2011-06-27 Thread Peter Hutterer
On Tue, Jun 28, 2011 at 01:03:32AM +0200, Piotr Gluszenia Slawinski wrote:
 the standard is pretty much defined by what the driver can take. If it
 can't parse the protocol then the device is rather useless anyway.
 but really, writing a serial kernel driver is rather trivial and has a
 higher chance of actually working long-term than dragging the old input
 drivers along.
 
 as long as it'll be maintained, well written,  and pulled into
 mainline at all ;)
 
 now i also realized that as fpit driver uses just serial port,
 it could be perhaps just translated in software , and simple
 userspace translator similiar to how ppl used joysticks in thinkpads
 (i recall it was sth like gpm relay) could be used . this way
 relatively simple code would be created requiring no periodic
 mainteance, interfacing with more 'standard' X input driver.

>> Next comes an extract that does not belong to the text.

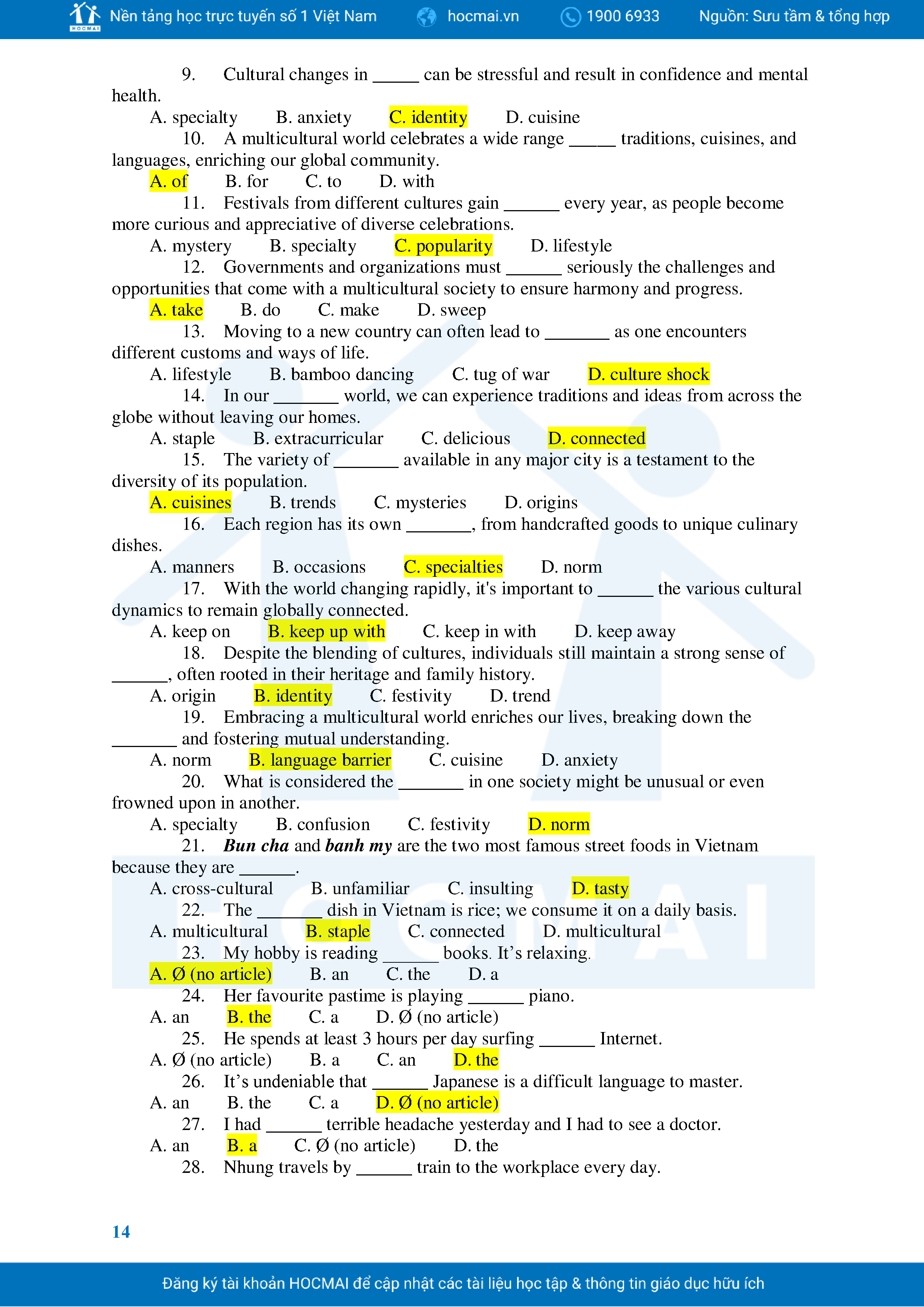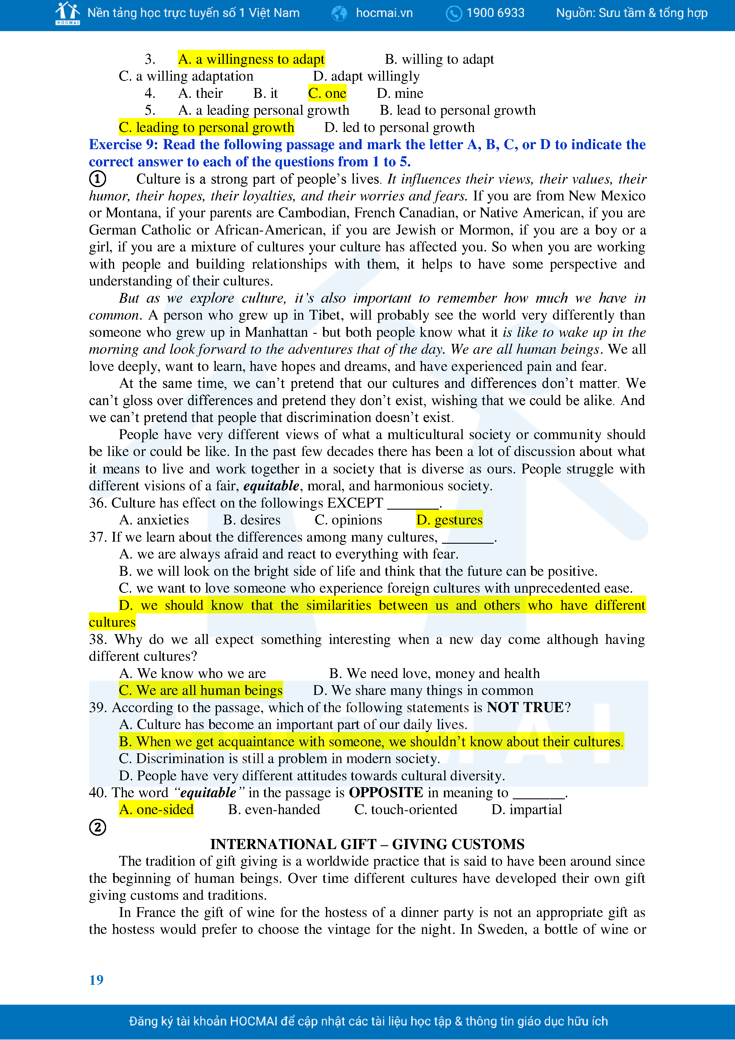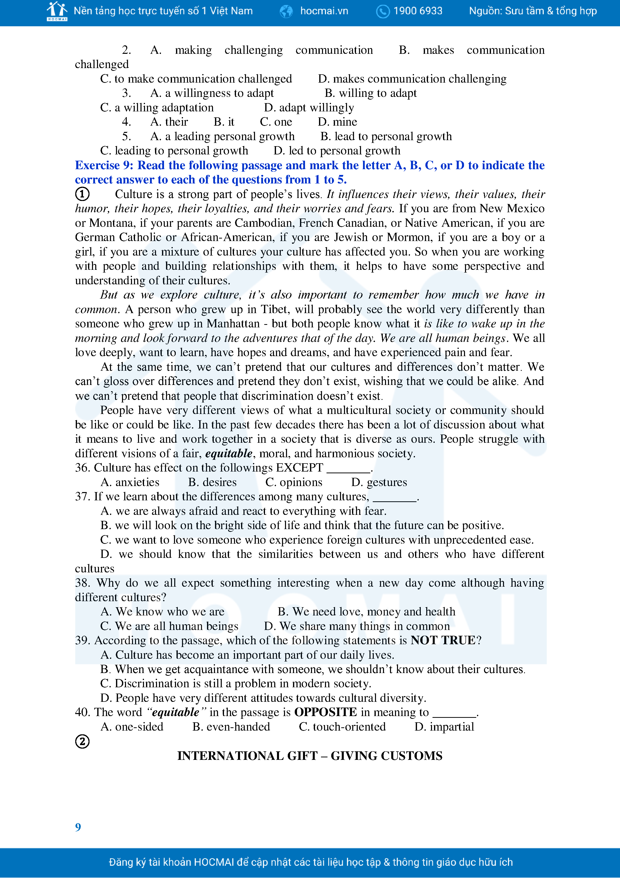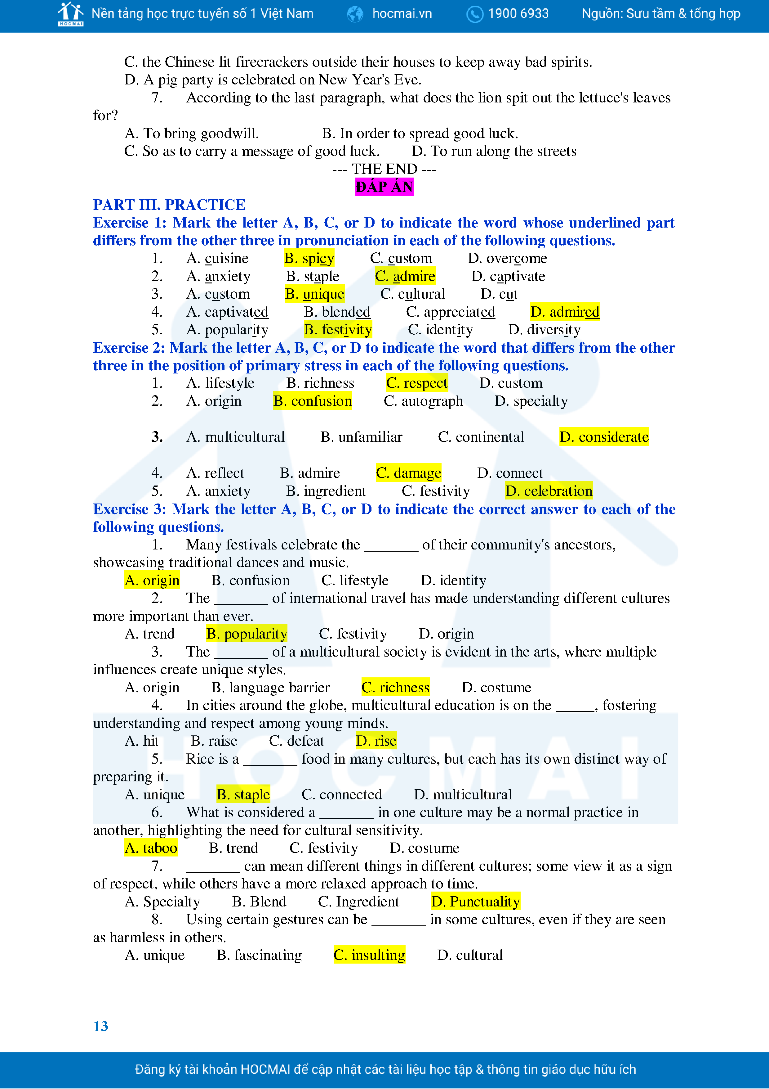 Bài Tập Chuyên Sâu Tiếng Anh 12 Unit 2 A Multicultural World
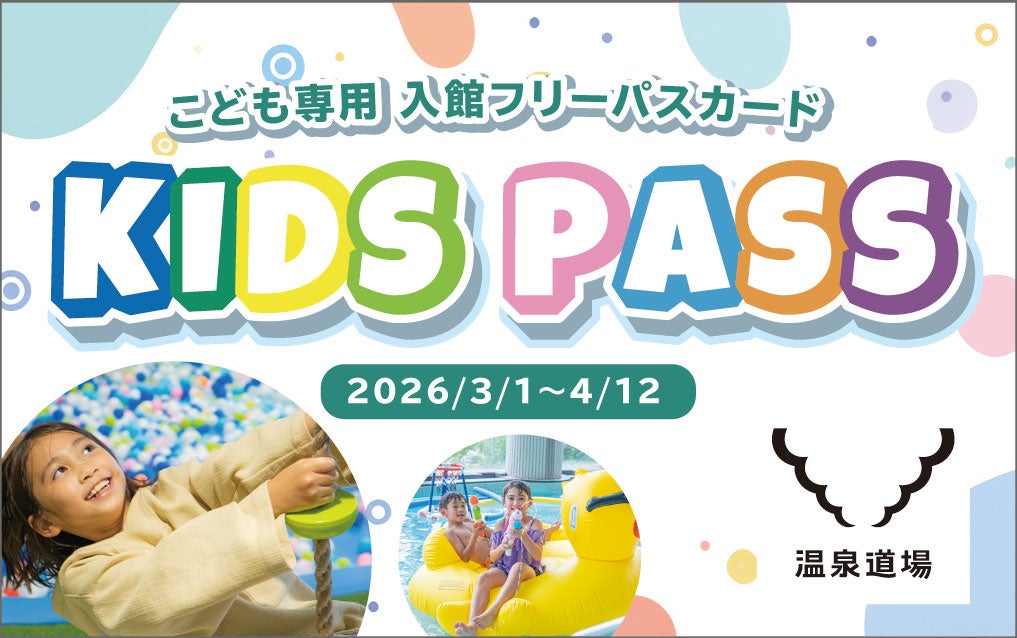 株式会社温泉道場(埼玉県比企郡ときがわ町、代表取締役 山崎寿樹)は、2026年2月14日(土)より、小学生以下のお子さまを対象に、温浴施設6店舗が期間中何度でも入館し放題になる「キッズパス2026春」を販売いたします。

once it's in the kernel, the kernel driver will fulfill exactly those
requirements...
imo software that doesn't require maintainance is a pipe-dream though.

Cheers,
  Peter

 then one of obstacles here is that fpit has no gpm driver ;)
 but it's just general idea for possibly making such devices least
 mainteance-labour consuming in future and not requirin destabilising
 whole system by introducing third party kernel drivers written by
 lazy and unqualified ppl ;)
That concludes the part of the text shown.